Where exactly do you live? I don't really need a zip, but like a town or something. I live just about an hour away from NYC in Sussex County, NJ and the barn i board at, though it isn't the nicest looking and all, they do have an indoor and numerous outdoor arenas. The most expensive board there is $440 and i believe the lowest is under $300 (but that's pasture turn out with no stall). There are also a lot of kids there that are under 18. I'm going to say mostly around 15 or 16. The people are nice, as long as you comply with their rules, and I could tell you more about that.

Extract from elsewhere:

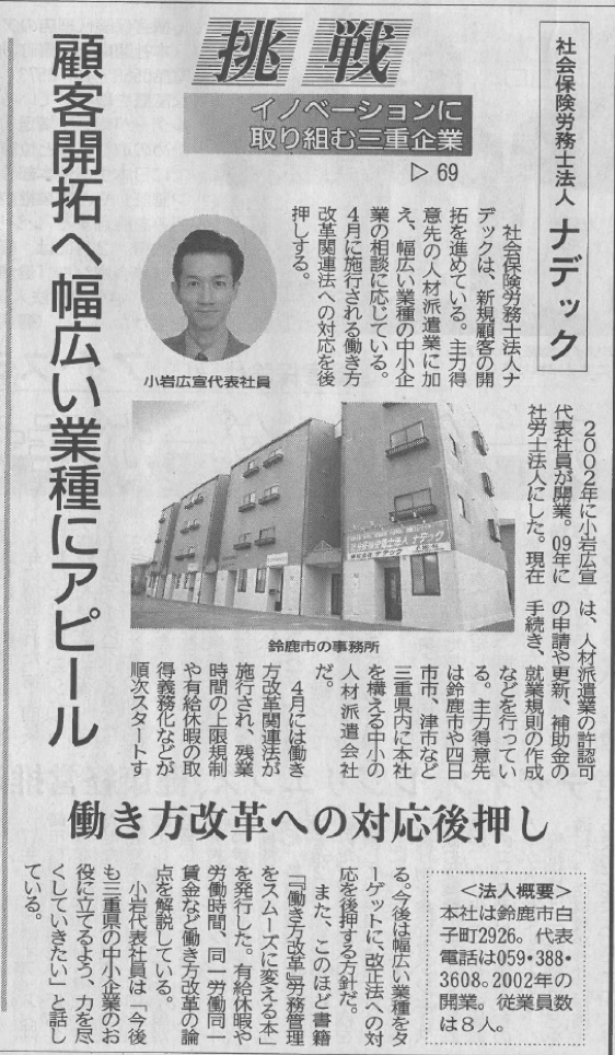 三重 鈴鹿 四日市 津市 社会保険労務士(社労士)法人ナデック > お知らせ > 「中部経済新聞」2019年3月15日号で弊社の活動が紹介されました。
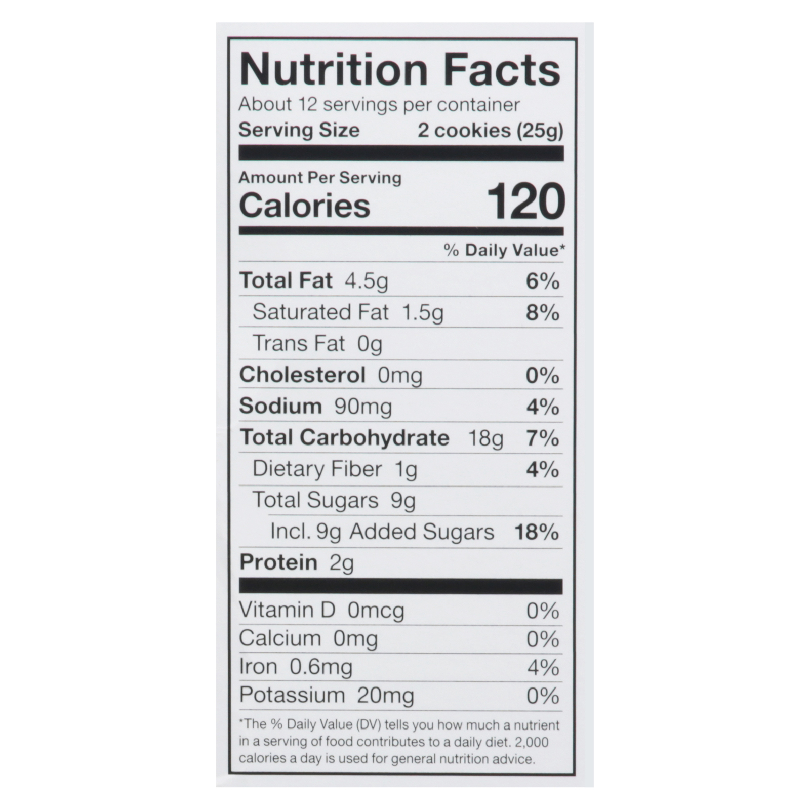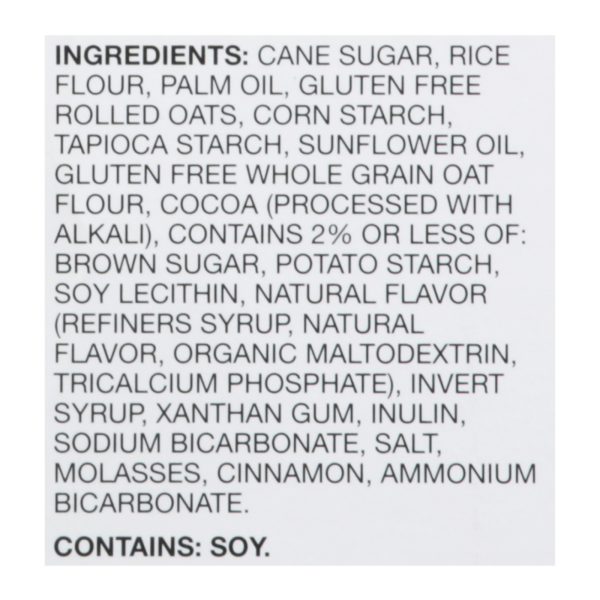 ingredients : cane sugar;gluten free whole grain oat flour;rice flour;palm oil;high oleic sunflower oil (or canola oil);tapioca starch;invert sugar;contains less than 2% of each of the following: cocoa (processed with alkali), soy lecithin, corn starch, inulin, baking soda, xanthan gum, salt, cinnamon, natural flavors, organic maltodextrin, tricalcium phosphate, ammonium bicarbonate

I'll definitely help you find a place.


----------



## Gingerrrrr (Feb 12, 2008)

im sorta hesatint about giving out where i live lol


----------



## appylover31803 (Sep 18, 2007)

i completely understand that. Maybe a state and county?


----------



## appylover31803 (Sep 18, 2007)

it's just going to be hard to find a place if i don't know where to narrow it down from.


----------



## Gingerrrrr (Feb 12, 2008)

fjjktklu


----------



## appylover31803 (Sep 18, 2007)

ok thank you. I'm going to look in like Rockland, Orange and Westchester county. Would that be ok, or am i outside of your area?


----------



## Gingerrrrr (Feb 12, 2008)

board can be nomore then 300 and i would like either an indoor or outdoor. stall or pasture board dont matter.


----------



## appylover31803 (Sep 18, 2007)

I can't really try lower dutchess, they only give it by city and county. This is the website I'm currently on. 
http://home.att.net/~klik1/stable/stableusnyl.htm

I'll keep looking if you want me to.


----------



## Gingerrrrr (Feb 12, 2008)

yea ive been on there tons of times and theres been nothing, its so hard to find a good nice cheap barn to board at in these parts.


----------



## appylover31803 (Sep 18, 2007)

hmmm. I completely understand that you don't want to give out your county, but its like i just don't know where to look. Umm. if you want to could PM your county and i could help out from there. But as of right now, its just so hard, because i can't really narrow down the search.


----------



## Gingerrrrr (Feb 12, 2008)

i PMd u


----------



## appylover31803 (Sep 18, 2007)

http://www.crazyacresfarm.com/
this site didn't have any prices, but you could call and find out if you want.

http://mysite.verizon.net/vzeqrgz6/papercoach/derry/index_files/Page442.htm

again, no prices, but there is a phone number. It looks like a nice place too.


http://www.southerndutchess.com/horse_boarding.cfm

Their rough board is $300 a month


http://www.westernridingstables.com/board.htm

this doesn't have prices either, but looks like a nice place.



http://www.equineescapestable.com/boarding.html

This is a little bit more, but looks nice.

http://bayridgefarm.ipower.com/page3.html

again, a little more expensive, but again, looks like a nice place


----------



## Abby (Nov 26, 2007)

Put an ad in the paper.


----------



## appylover31803 (Sep 18, 2007)

Ginger, How's the barn search going?


----------



## Gingerrrrr (Feb 12, 2008)

im not really finding anywheres cheap and around me. it sucks.


----------



## appylover31803 (Sep 18, 2007)

i'm sorry Ginger


----------



## Gingerrrrr (Feb 12, 2008)

its fine, ill find a barn eventually!


----------